DINZ project manager Rob Aloe says it was a thrill for the DINZ team to see a participant in the Big Deer Tour achieve success in their career pathway. Originally from the Taranaki, Jarman graduated from Lincoln with a B AgComm in 2018 and graduated Master of Science (Agricultural Science) at Massey earlier this year.
“Jake has kept in touch with DINZ since being on the Big Deer Tour in 2018 so is a close ally of the deer industry. He has joined me since to promote the Tour at Massey.”
On the Big Deer Tour a small group of top university ag students is shown the deer industry from top to bottom; seeing what makes the deer industry special and meeting professionals servicing the sector. Applications are called for in March each year and the tour happens in April.
The largest deer hunters’ group in Minnesota, USA, is pushing for deer farming to be banned in the state to stop the spread of the Chronic Wasting Disease (CWD) from captive deer into the wild.
There are 259 farms running a total of 7677 whitetail deer, mule deer, elk and exotic deer in Minnesota, one of 26 states in the US and 3 provinces in Canada where CWD has been spreading through farmed and wild herds.
CWD is an always-fatal neurological disease that effects all deer species. It is caused by prions, abnormal proteins that self-replicate within the brains of infected animals. It is similar to scrapie in sheep and mad cow disease in cattle. There are no vaccines or treatments.

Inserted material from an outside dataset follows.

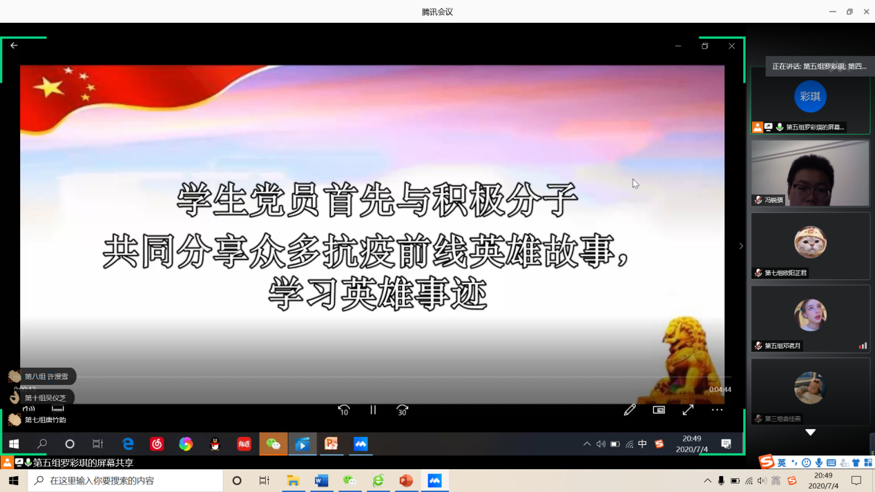 7月4日晚,应用外语学院“党群服务中心‘疫’时一周e学表彰大会”线上举行,应用外语学院党总支书记李德富、党总支副书记罗春科、指导老师冯锐骐、获奖代表、党积极分子等一同参加本次大会。

CWD has never occurred in New Zealand. If it arrived it could be devastating for both deer farming and hunting. Prions are highly resistant to disinfectants, heat or freezing and could be carried on hunting and camping gear. They also persist for a very long time in the environment.
DINZ science and policy manager Emil Murphy says Covid has put most tourism on hold, “but if you host visitors on your farm or trophy block (or have farm staff returning home) after hunting or tramping in North America or other areas where CWD is present, you should think about how you manage the risk. For example, get them to leave potentially contaminated gear behind and use new gear, or gear you provide.”